● **Work to be completed**
Every line from the first record below down to the line that includes "Russian semiautomatic rifle" must be reproduced exactly; the pictures are not.

● **Information given**
☆ ☆ ☆ ☆
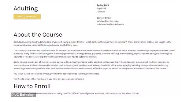 因此,在与学校协商之后,学院决定开设一门叫做“Aulting”的课程,来提高学生的自立能力。 主要教授学生们如何做饭,缝纫,报税等生活技能,如何进行时间、个人健康、人际关系的管理,以及怎么在独自生活的情况下有效地把控预算等等。
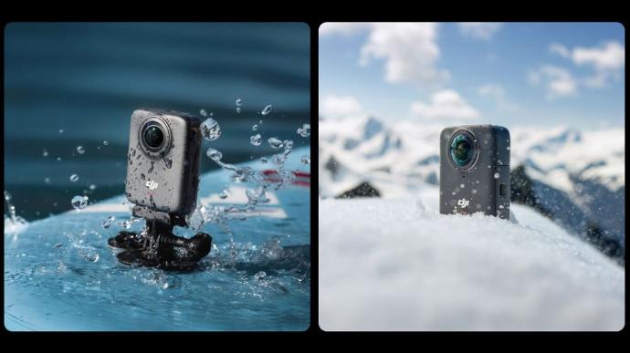 El cuerpo de la cámara Osmo 360 cuenta con clasificación de impermeabilidad IP68 y puede utilizarse a profundidades de hasta 10 metros. Incorpora una tapa para el compartimento de la batería y una tapa para el puerto USB-C que garantizan la impermeabilidad para tomas breves. Además, la cámara está diseñada para grabar hasta 1.5 horas en condiciones de frío extremo, hasta -20 °C, sin funda.
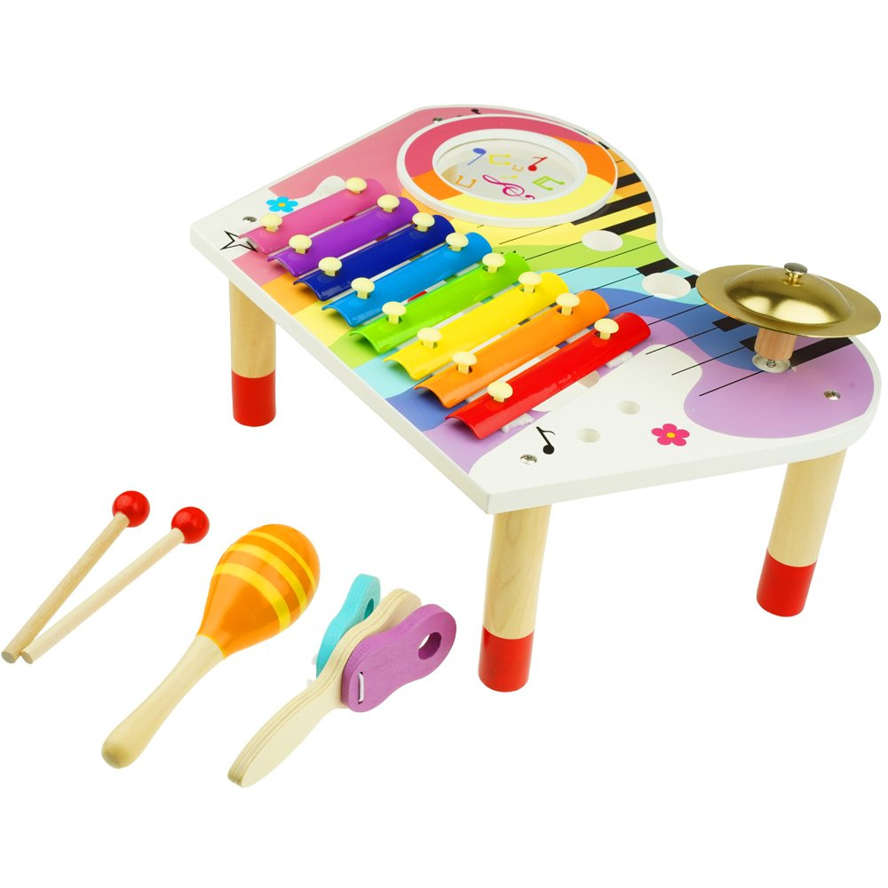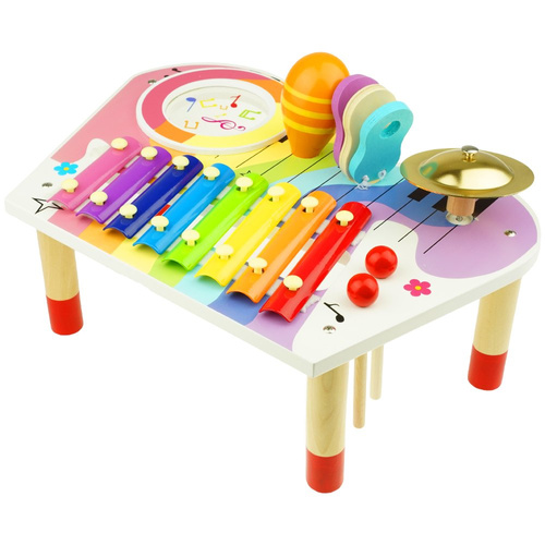 Drewniany stolik muzyczny to idealny pierwszy zestaw instrumentów dla małego dziecka już od 18 miesiąca życia.
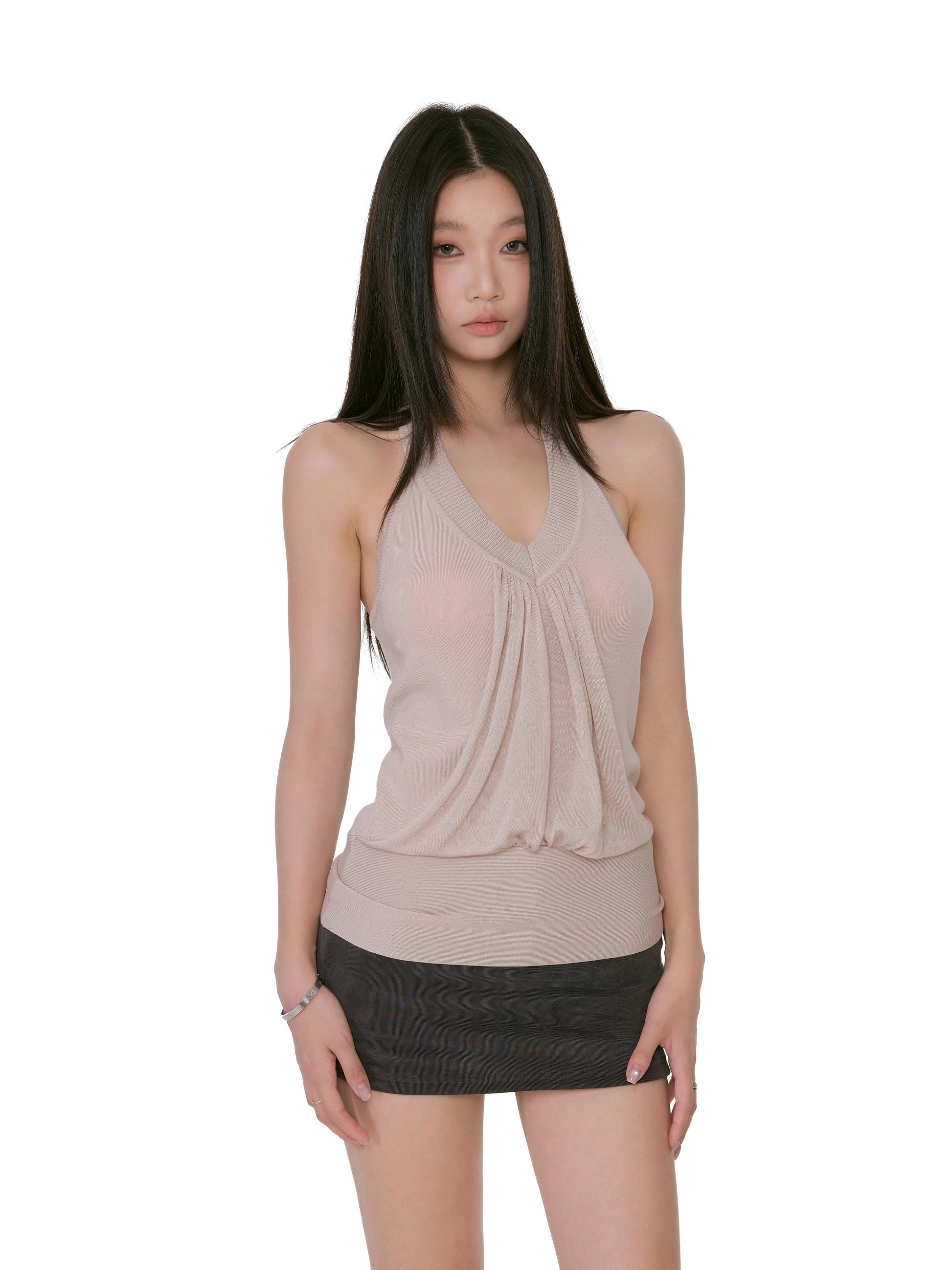 The Adele Drape Front Halter Top captures effortless sophistication with its fluid, softly gathered front. Designed with a plunging neckline and a fitted hem that defines the waist, it drapes beautifully on the body while maintaining a clean, minimalist look. The lightweight knit fabric provides a gentle stretch for comfort and a refined silhouette. Perfect for pairing with skirts or tailored pants for both casual and evening settings.
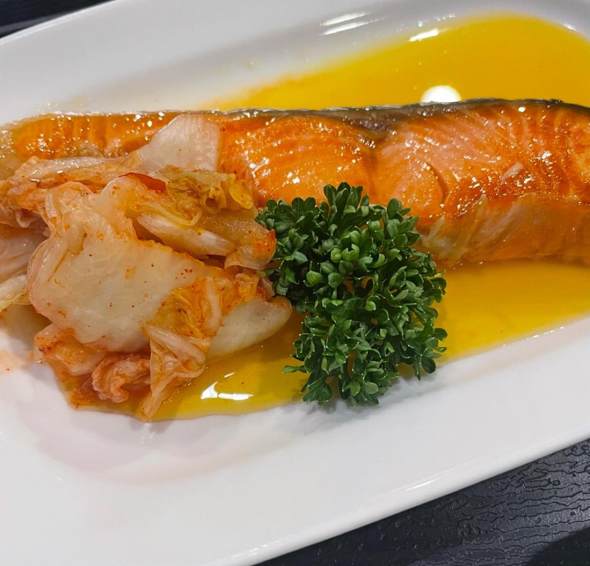 橙汁鮭魚的調味蠻特別,很少看到有店家這麼製作鮭魚,另外還有附上泡菜,也是蠻奇葩的搭配,我覺得還OK,但也不是很讓人驚豔的搭配。鮭魚的軟嫩度一般吧,覺得有點扣分的地方是沒有完全去刺,所以吃的時候要小心,個人覺得小麻煩
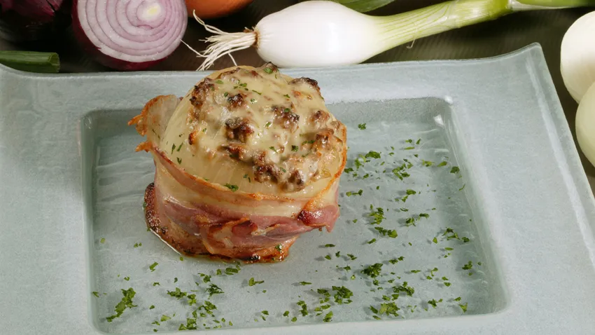 Receta de cebollas envueltas en tocino y rellenas de carne picada y verduras.
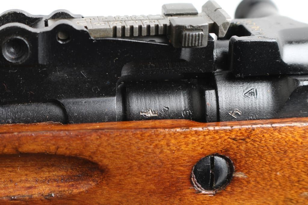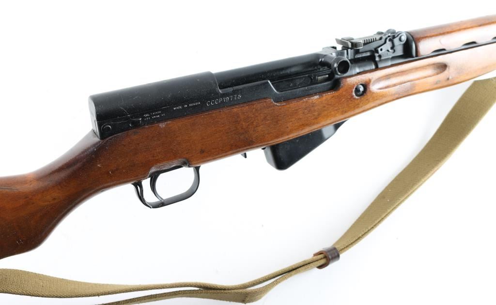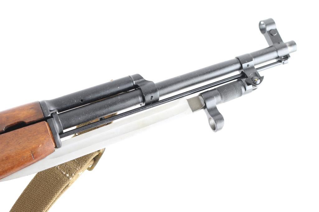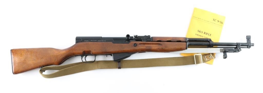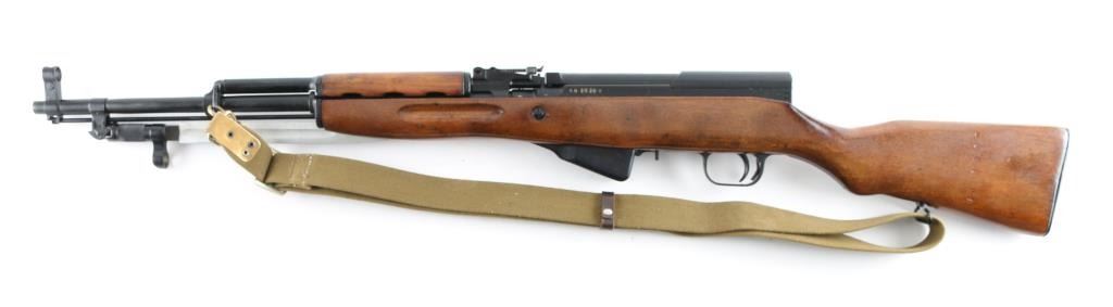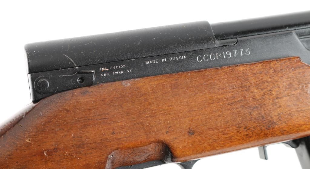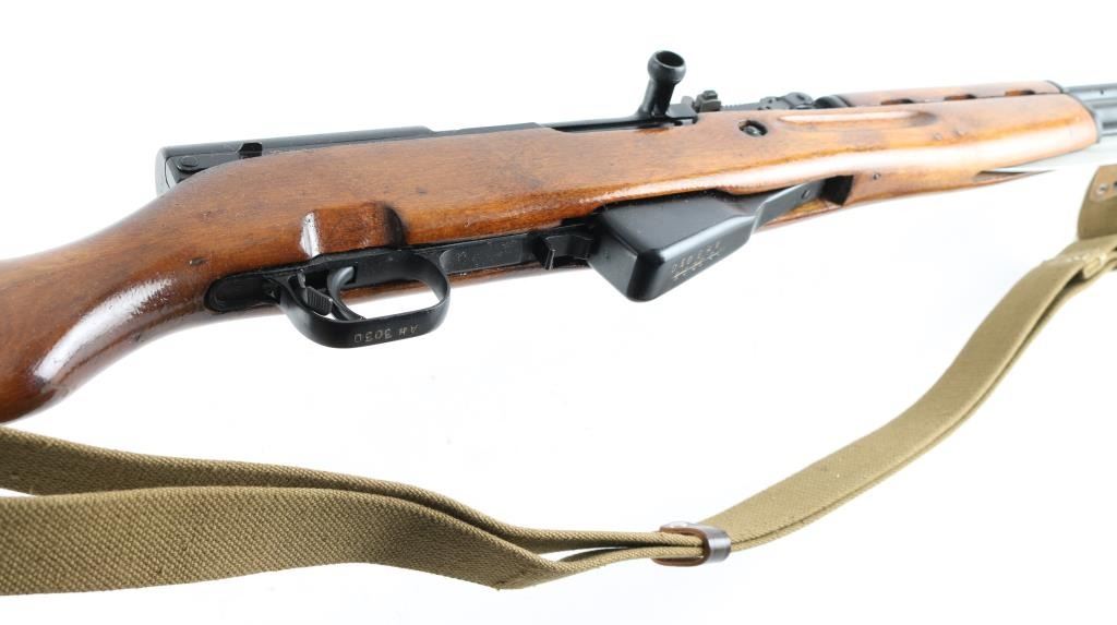 Russian semiautomatic rifle imported by CDI, Swansea, VT. Appears arsenal reworked. Features 20" hard chrome lined barrel, protected post front and tangent rear sights, fixed 10 rd magazine with hinged floorplate, manual safety, hardwood stock with trap in butt for cleaning kit, sling swivels, folding blade bayonet, cleaning rod. Original factory serial number AH3030 matches on receiver, bolt carrier, triggerguard, and stock. Magazine is force matched. Bore is very good condition. Metal retains 90% blued finish with scrapes and scuffs, bare metal showing on some sharp edges. Bayonet blade appears hard chromed. Stock is very good condition, with scuffs & dents. Importer has added their serial number to right side of receiver. Includes khaki color cotton web sling (proper type for SKS), small collection of accessories. Condition is NRA Very Good+ as arsenal reworked *** C&R Firearm ***
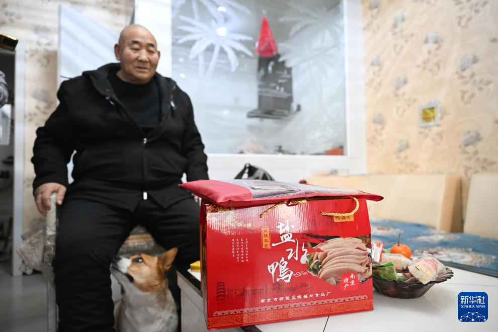 11月20日,扎拉嘎木吉在家中整理他从南京带来的礼物,准备去看望都贵玛老人。新华社记者 连振 摄pagebreak
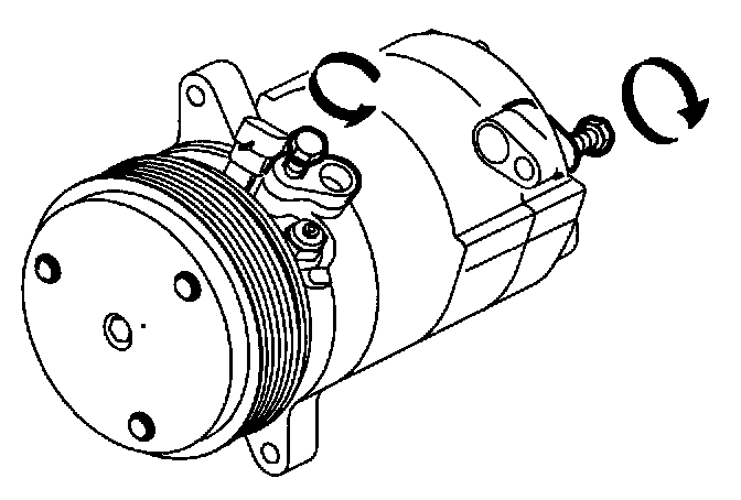 c. Turn the A/C compressor over to drain the oil from the low side port.
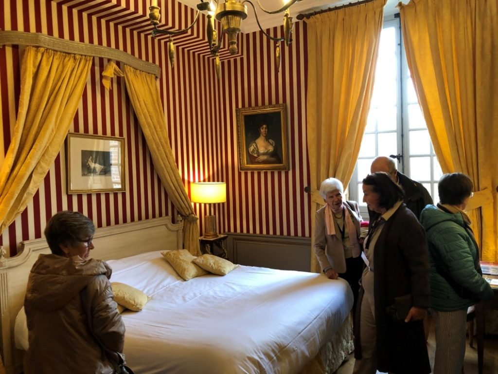 M. et Mme. de Cordon ont accueilli chaleureusement les Amis de Bourron-Marlotte au château de Bourron le 6 novembre. Cette propriété familiale édifiée au XVIème siècle sur les vestiges d’une ancienne forteresse féodale a été transformée par Guy et Estrella de Cordon en hôtel de charme. La visite a débuté au pied de l’escalier de pierre en fer à cheval, récemment restauré. Puis guidés par leurs hôtes, les visiteurs ont admiré les salons du rez-de-chaussée, ornés de tapisseries, de parquets et de cheminées remarquables ainsi que les magnifiques boiseries de la bibliothèque. La visite s’est poursuivie par la découverte des chambres du premier étage, chacune dédiée à une personnalité célèbre liée à l’histoire du château : madame Récamier, Marie Leszczynska. La Bédoyère, le Général de Brye… Quelques anecdotes ont captivé les visiteurs tels que celle relative à la rencontre au château du jeune Louis XV et les parents de la princesse Marie Leszczynska, future reine de France.
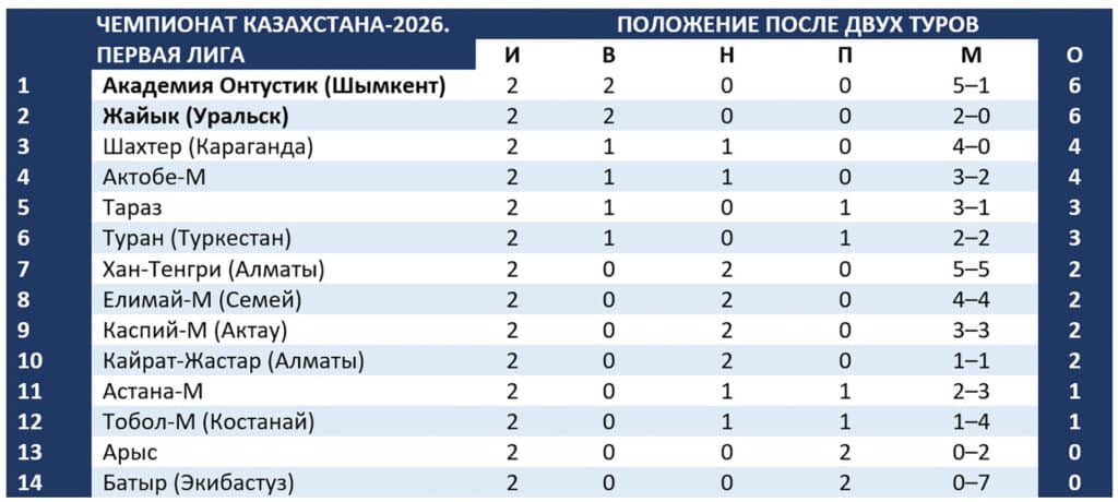 Уральский «Жайык» и «Академия Онтустик» из Шымкента, одержав по две победы, захватили лидерство в Первой лиге футбольного чемпионата Казахстана.
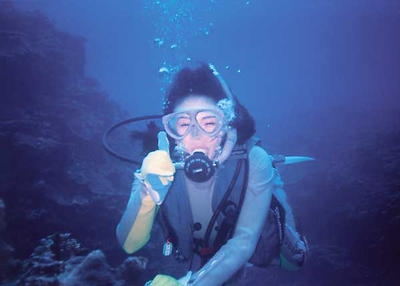 スキューバダイビングでは海中での穏やかな笑顔が印象的で、自然との一体感を楽しむ姿が写真に収められています。
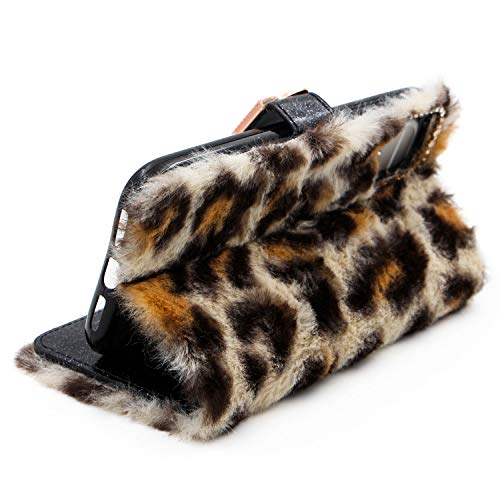 Materiale di alta qualità: questa esclusiva custodia per telefono è realizzata in finta pelliccia di coniglio, morbida e confortevole, pelle PU di alta qualità con glitter e silicone flessibile in TPU. La morbida custodia a portafoglio non solo è molto resistente e piacevole al tatto, ma riscalda anche le mani in inverno.
☆ ☆ ☆ ☆
● **Finished exercise**
 因此,在与学校协商之后,学院决定开设一门叫做“Aulting”的课程,来提高学生的自立能力。 主要教授学生们如何做饭,缝纫,报税等生活技能,如何进行时间、个人健康、人际关系的管理,以及怎么在独自生活的情况下有效地把控预算等等。
 El cuerpo de la cámara Osmo 360 cuenta con clasificación de impermeabilidad IP68 y puede utilizarse a profundidades de hasta 10 metros. Incorpora una tapa para el compartimento de la batería y una tapa para el puerto USB-C que garantizan la impermeabilidad para tomas breves. Además, la cámara está diseñada para grabar hasta 1.5 horas en condiciones de frío extremo, hasta -20 °C, sin funda.
 Drewniany stolik muzyczny to idealny pierwszy zestaw instrumentów dla małego dziecka już od 18 miesiąca życia.
 The Adele Drape Front Halter Top captures effortless sophistication with its fluid, softly gathered front. Designed with a plunging neckline and a fitted hem that defines the waist, it drapes beautifully on the body while maintaining a clean, minimalist look. The lightweight knit fabric provides a gentle stretch for comfort and a refined silhouette. Perfect for pairing with skirts or tailored pants for both casual and evening settings.
 橙汁鮭魚的調味蠻特別,很少看到有店家這麼製作鮭魚,另外還有附上泡菜,也是蠻奇葩的搭配,我覺得還OK,但也不是很讓人驚豔的搭配。鮭魚的軟嫩度一般吧,覺得有點扣分的地方是沒有完全去刺,所以吃的時候要小心,個人覺得小麻煩
 Receta de cebollas envueltas en tocino y rellenas de carne picada y verduras.
 Russian semiautomatic rifle imported by CDI, Swansea, VT. Appears arsenal reworked. Features 20" hard chrome lined barrel, protected post front and tangent rear sights, fixed 10 rd magazine with hinged floorplate, manual safety, hardwood stock with trap in butt for cleaning kit, sling swivels, folding blade bayonet, cleaning rod. Original factory serial number AH3030 matches on receiver, bolt carrier, triggerguard, and stock. Magazine is force matched. Bore is very good condition. Metal retains 90% blued finish with scrapes and scuffs, bare metal showing on some sharp edges. Bayonet blade appears hard chromed. Stock is very good condition, with scuffs & dents. Importer has added their serial number to right side of receiver. Includes khaki color cotton web sling (proper type for SKS), small collection of accessories. Condition is NRA Very Good+ as arsenal reworked *** C&R Firearm ***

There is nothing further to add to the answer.